DATA EXTRACT ->

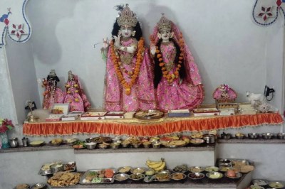 युगलकिशोर सरकार को विभिन्न प्रकार के मौसमी फलों, पकवानों और मिठाइयों का छप्पन भोग भगवान को अर्पित कर पूजा- अर्चना की। भाेग के बाद लोगों को प्रसादी वितरित की गई।
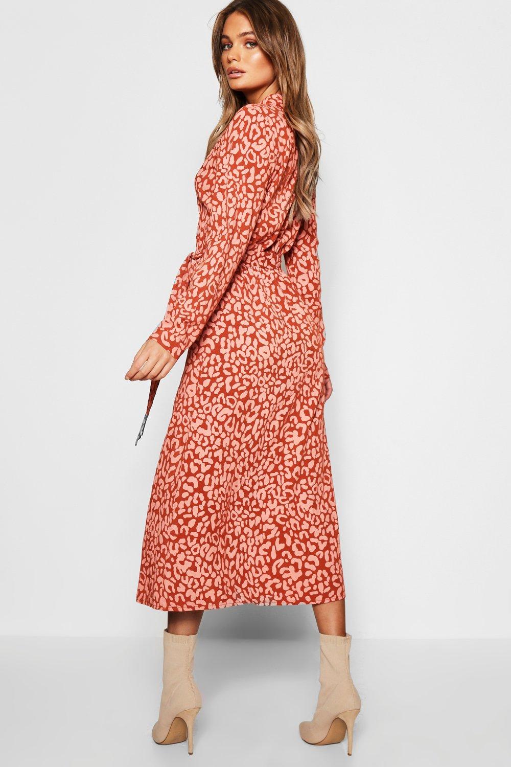 Leopard Collar Button Through Belted Midi Dress Very well made.
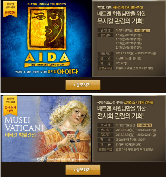 먼저 연말 가족이 함께 즐길 수 있는 '아이다' 뮤지컬 관람권을 제공하는 컬처라운지 공연 25탄이 오는 다음달 2월 1일까지 진행중이다. 벳볼 300개 이상을 보유한 베트맨 회원은 베트맨 홈페이지 컬처라운지 이벤트 페이지에서 누구나 응모할 수 있다. 당첨된 회원에게는 디큐브아트센터에서 열리는 '뮤지컬 아이다' R석 관람권(40명)을 증정한다.

TASK DESCRIPTION -> All that should be printed is the lines from the one containing "Leopard Collar Button" through the last line of the material above, both ends included, exactly as they stand; please skip the pictures.

TASK RESULT ->
 Leopard Collar Button Through Belted Midi Dress Very well made.
 먼저 연말 가족이 함께 즐길 수 있는 '아이다' 뮤지컬 관람권을 제공하는 컬처라운지 공연 25탄이 오는 다음달 2월 1일까지 진행중이다. 벳볼 300개 이상을 보유한 베트맨 회원은 베트맨 홈페이지 컬처라운지 이벤트 페이지에서 누구나 응모할 수 있다. 당첨된 회원에게는 디큐브아트센터에서 열리는 '뮤지컬 아이다' R석 관람권(40명)을 증정한다.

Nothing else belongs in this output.